Shelby County Commissioner Chris Thomas, one of four consistent opponents on the commission to the prospective merger of Memphis City Schools with Shelby County Schools, has asked the Shelby County District Attorney General’s office to rule on the propriety of MCS’ decision “to spend tax dollars on an alleged marketing campaign concerning the MCS Charter surrender referendum.”
In a letter to Bill Bright, a lawyer on the staff of D.A. Amy Weirich, Thomas cites the fact that the MCS Board has employed Trust Marketing to publicize the facts involved in the citywide March 8 referendum, which will decide whether the MCS-SCS merger can go forward. Beverly Robertson, a partner in the PR firm, made a presentation on Trust’s intent “to break it all the way down” at the Board’s Monday night work session.
“Simply put,” asked Thomas, “can our tax dollars legally be used to fund this kind of campaigning? If not, what can be done to stop this?”
The District 4 commissioner may or may not have known when he wrote his letter that a county commission majority, at a special commission meeting Wednesday morning, had voted in favor of chairman Sidney Chism sounding out MCS about sharing the services of Robertson and Trust Marketing. By a 7-to-1 margin (another District 4 commissioner, Terry Roland, being the lone holdout), the commission voted to reserve the body’s contingency fund for the purpose.

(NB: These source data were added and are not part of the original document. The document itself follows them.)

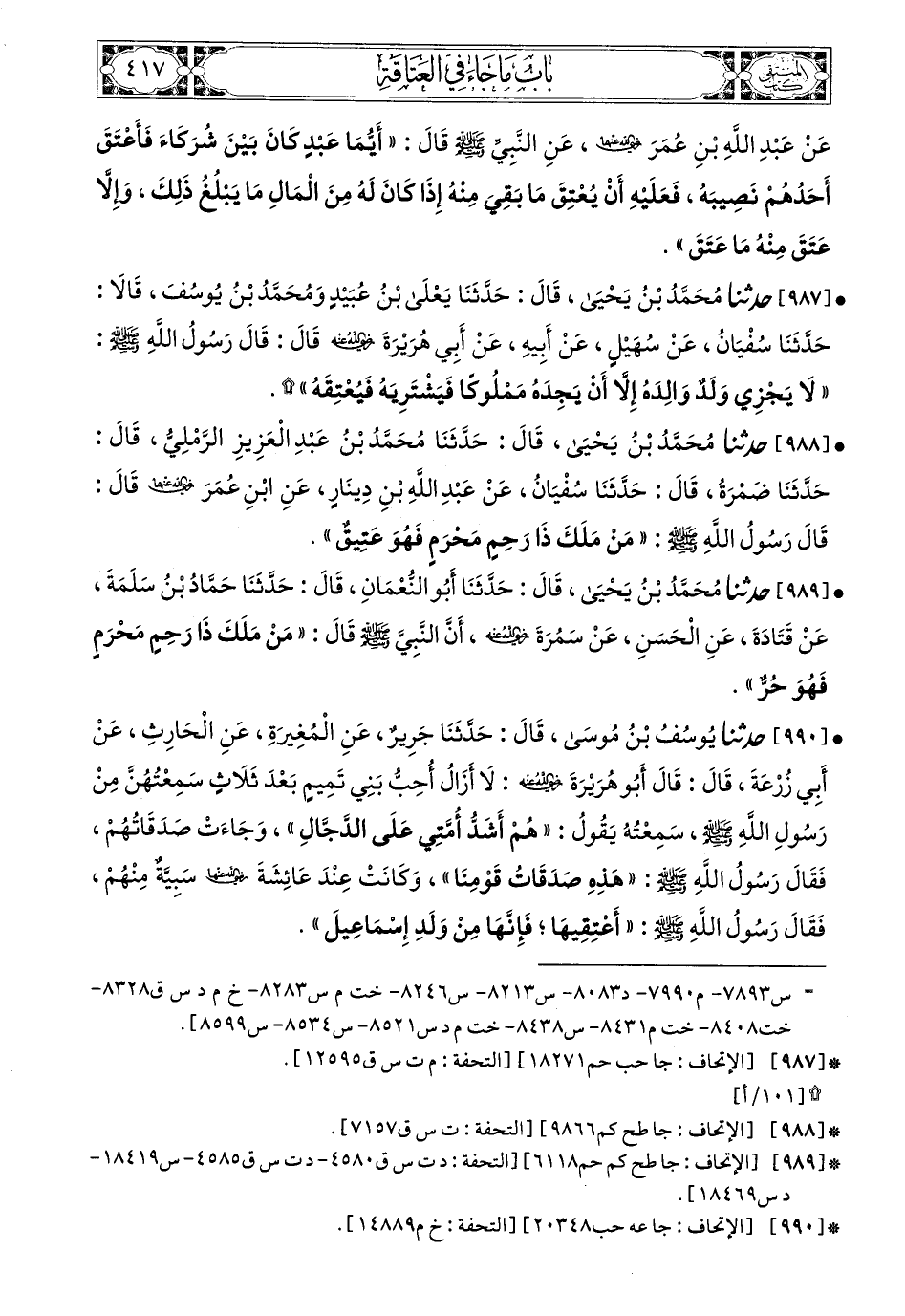 988- حَدَّثَنَا مُحَمَّدُ بْنُ يَحْيَى، قَالَ: حَدَّثَنَا مُحَمَّدُ بْنُ عَبْدِ الْعَزِيزِ الرَّمْلِيُّ، قَالَ: حَدَّثَنَا ضَمْرَةُ، قَالَ: حَدَّثَنَا سُفْيَانُ، عَنْ عَبْدِ اللهِ بْنِ دِينَارٍ، عَنِ ابْنِ عُمَرَ، رَضِيَ اللهُ عَنْهُمَا، قَالَ: قَالَ رَسُولُ اللهِ صَلى الله عَليه وسَلم: مَنْ مَلَكَ ذَا رَحِمٍ مَحْرَمٍ فَهُوَ عَتِيقٌ.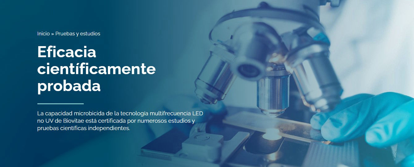 La capacidad microbicida de la tecnología multifrecuencia LED no UV de Biovitae está certificada por numerosas pruebas y estudios científicos independientes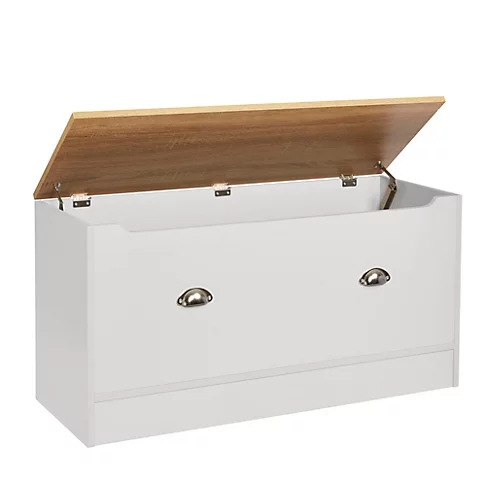 This cream and wood storage box is ideal for space-saving storage in your home, adding a fresh yet modern sense to your interior decor. It has an oak-effect hinged lid and two brass half-moon handles on the front for easy movement around your home. Ideal for storing blankets, shoes, toys, and other items in order to keep your room looking tidy. The contemporary layout provides multiple storage options around the home.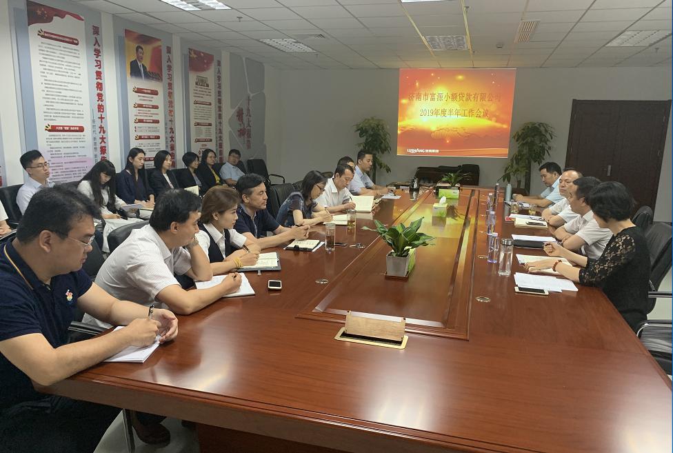 7月19日上午,富源小貸召開2019年上半年工作會議,傳達學習集團半年度會議精神,總結公司上半年工作,布置下半年工作任務。公司董事長王廷波、總經理劉先成及全體員工28人參加會議。

On the ground that “they’ve got the votes,” Thomas did not attend the Thursday morning meeting, which was called primarily to amend the number —from 27 to 25 — of prospective interim members the commission intends to name to an interim all-county school board. Like Roland and two other commissioners, Wyatt Bunker of District 4 and Heidi Shafer of District 1, Thomas has opposed any and all aspects of the county commission’s involvement in preparing for a merger of the two school districts.